Martes, 26 de noviembre de 2002
La reciente cumbre de la OTAN en Praga tiene una significación que va mucho más allá de la simple invitación a nuevos miembros. Ante todo, representa el firme avance de la alianza militar más exitosa de la historia, que ha durado más de medio siglo, resistiendo el avance del comunismo y contribuyendo efectivamente a su derrumbe en Europa Oriental. Pronto tendrá tres miembros colindando con Rusia, un hecho que no gustará mucho al gobierno ruso --por eso Putin no asistió a la cumbre--, pero que lo aceptan como algo inevitable y que incluso los animará a integrarse plenamente a la misma alianza a su debido tiempo, imitando así un conocido proverbio norteamericano del mundo comercial. “si no puedes vencerlos, únete a ellos”.
Europa está comprobando que su unión la convertirán pronto –cuando termine la tercera fase-- en la primera potencia económica del globo, con un mercado potencial de casi 750 millones de personas de alto poder adquisitivo, el triple de EE.UU. y siete veces mayor que el de Japón. Se espera que --con una UE ampliada bajo el manto protector de la OTAN-- Europa recobrará su antiguo poderío y esplendor, alejado de las destructivas guerras que la mantuvieron en un tortuoso rumbo en el pasado. Esta renovada autoestima y el entusiasmo con que prosigue su unidad política –ahora con una ideología común centrada en la democracia y el capitalismo-- se ha visto simbolizada en la adopción parcial de una moneda común en el viejo mundo, todo un hito histórico aún cuando cada nación conserva su autonomía en muchos aspectos y sus tradiciones culturales.
Otra muestra de esta confianza ha sido la constante oposición a una intervención unilateral de la superpotencia en Iraq, vociferada desde varias capitales europeas y especialmente desde París, donde un Chirac recién reelecto para otro período insiste en llevar la voz cantante de Europa, tratando de revivir viejas glorias francesas de liderazgo como en tiempos de De Gaulle y los Bonaparte. Esta oposición se hace a pesar de que en varias naciones clave –Francia, Italia, Austria, Holanda y España—existen gobiernos de centro-derecha más afines al republicano que acaba de reafirmar su mayoría al otro lado del Atlántico. Y teniendo al Reino Unido como su aliada incondicional, -con gobierno laborista y todo-- Bush se ha atrevido a torcer el brazo a la ONU para que aprobara una resolución que forzara a Hussein a desarmarse, contando al menos con la neutralidad condicionada de Rusia y China. Mientras tanto, la otra gran potencia europea, Alemania, sigue al margen de los acontecimientos con una actitud cautelosa por el lastre de su lamentable pasado nazista, que ha frenado su armamentismo y su inclusión en cualquier plan bélico. Habiendo sufrido en carne propia la invasión aliada y una larga ocupación, Alemania parece concentrarse en la reactivación de su economía, afectada como todo el resto de Europa por la recesión mundial acelerada por el terrorismo.

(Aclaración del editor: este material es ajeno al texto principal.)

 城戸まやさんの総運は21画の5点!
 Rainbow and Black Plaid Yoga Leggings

De ahí que la OTAN, ante la ausencia de un enemigo común –toda alianza necesita uno-- acaba de declarar al “terrorismo internacional” como el sucesor del comunismo como antagonista, de modo que pueda seguir modernizando su armamento y manteniéndose listo para la acción dentro de una organización que cuenta con las armas más sofisticadas del mundo, y contra las cuales ninguna otra potencia querrá medirse. Ya cumplió una difícil misión en los Balcanes, al pacificar varios países de la fragmentada ex Yugoslavia, y ahora buscan otro objetivo para mantenerse activos. Mientras tanto Iraq ha estado coqueteando con varios países europeos para que apoyen su causa –o al menos que no se pongan del lado de EE.UU.-- , utilizando el incentivo de su potencial petrolero, quizás su único punto fuerte por ahora, pues se ha empobrecido mucho últimamente gracias a su obsesión armamentista y las guerras sufridas, todo cortesía del liderazgo irresponsable de Hussein.

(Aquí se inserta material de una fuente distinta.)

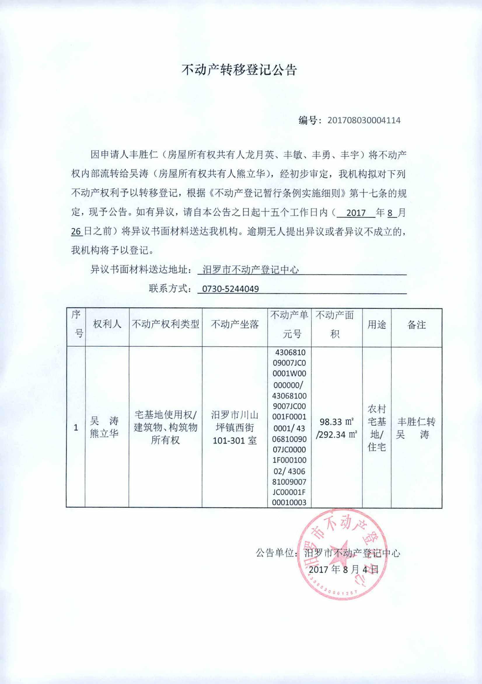 作者:汨罗市不动产登记中心 来源:汨罗市不动产登记中心 更新时间:2017-08-04
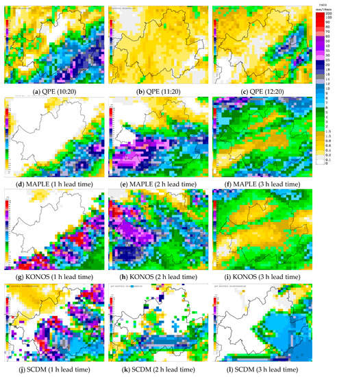 Comparison between actual quantitative precipitation estimates (QPE, a–c) and QPF forecasts by the radar-based McGill Algorithm for Prediction Nowcasting by Lagrangian Extrapolation (MAPLE) (d–f), KOrea NOwcasting System (KONOS) (g–i), and Spatial-scale Decomposition method (SCDM) (j–l) models in the Seoul area with lead times of 1–3 h starting from 09:20, 5 July 2016.
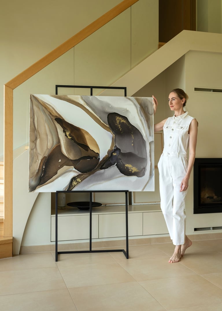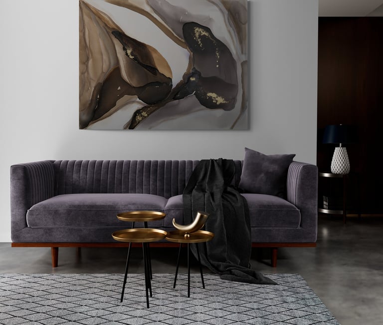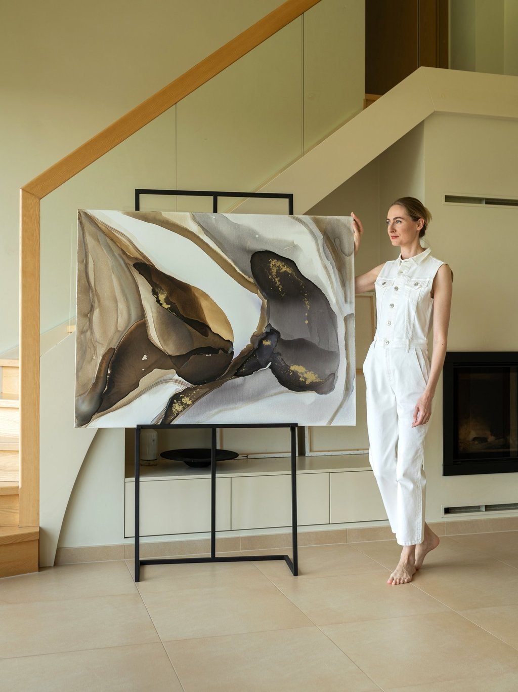 No.128 abstract painting radiates a quiet sense of movement — warm, earthy, luxurious, and balanced. Inspired by the depth of the earth, it evokes the textures of mineral veins and underground richness. The palette of warm earth tones flows naturally into contemporary interiors, becoming a captivating focal point that adds warmth, character, and distinction.

Además del deseo de mantener una cierta independencia política para consumo interno, la presente actitud de algunas naciones europeas tienen un claro cariz económico, pues del viejo continente han salido las potencias coloniales del pasado y todavía existe una cierta ascendencia sobre los países del Mediano Oriente, gracias a legado cultural y la proximidad geográfica, que puede competir favorablemente con la superpotencia norteamericana de la misma manera que ésta tiene cierta ventaja en el hemisferio occidental.

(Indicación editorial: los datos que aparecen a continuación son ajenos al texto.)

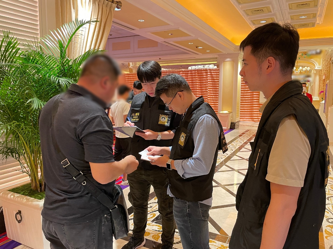 於 2023年9月5日早上11時至下午4時,司警局共派出 25名刑事偵查人員前往本澳多區娛樂場及周邊進行巡查。行動中合共截查了132人(78男54女),當中發現4名人士(2男1女為內地人士,1名男子為本澳居民)從事非法兌換貨幣活動(即俗稱“換錢黨”)。上述4人被帶返司警局進行身份認別程序及調查後,並未發現涉及其他犯罪活動,已將3名內地人士移送予治安警察局出入境管制廳處理,其餘1名本澳居民准予自行離開。
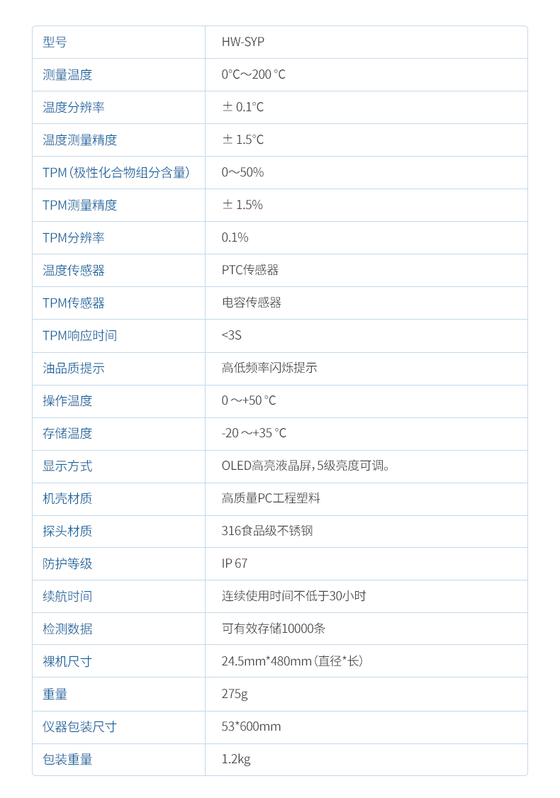 食用油脂是人们摄取能量和营养的重要来源,是加工食品的重要原料。油炸食品以其特有风味广受消费者喜欢。用于煎炸的食用油在高温煎炸过程中发生一系列的物理、化学变化,这些变化会生成对身体健康有害的物质。目前,煎炸食用油的传统检测方法多为化学方法,这些方法必须在实验室内由专业人员操作,费时费力,化学试剂的使用可能会伤害检测人员健康,且化学废剂污染了环境。SYP是一种快速,安全,高效食用油品质检测仪,能够快速检测食用油中的极性化合物组分(TPM)含量。本产品能够在油温较高的环境下使用,适用于各种煎炸的食用油品质检验。

Bush aprovechó la cumbre para ir a un país recién independizado del dominio ruso, Lituania, cuyo coloniaje nunca había reconocido de todas maneras durante la era soviética. Fue un acto de acercamiento político que no fue del agrado de Moscú, especialmente con la enfática declaración de Bush de que “Cualquier enemigo de Lituania, será también enemigo de EE.UU.”, con una clara referencia a que no se repita un evento como la anexión de la URSS en 1940, que aprovechó la confusión de la guerra mundial recién iniciada. Lituania fue escogida a propósito como un símbolo de la protección que ofrece ahora la única superpotencia a las pequeñas naciones europeas, y en cierto modo reafirma la intención de Washigton de seguir comprometido con el continente, ante cualquier resurgimiento de la hegemonía rusa. Y aunque esto se debería descartar debido a la actual debilidad económica de esa vasta nación, nunca se sabe lo que puedan hacer los militares y la ultraderecha, especialmente ante una pobreza que sobrepasa el 50% y la tentación nacionalista o populista que implica. Por eso Putin insistió ante Bush –dorándole la píldora con petróleo--que los países próximos a las actuales fronteras rusas se mantuvieran libres de tropas de la OTAN, petición seguramente hecha a Bush a instancias del estamento militar ruso, que todavía se resiste a aceptar el cerco gradual de la OTAN, acomplejado por su inferior papel en la política interna.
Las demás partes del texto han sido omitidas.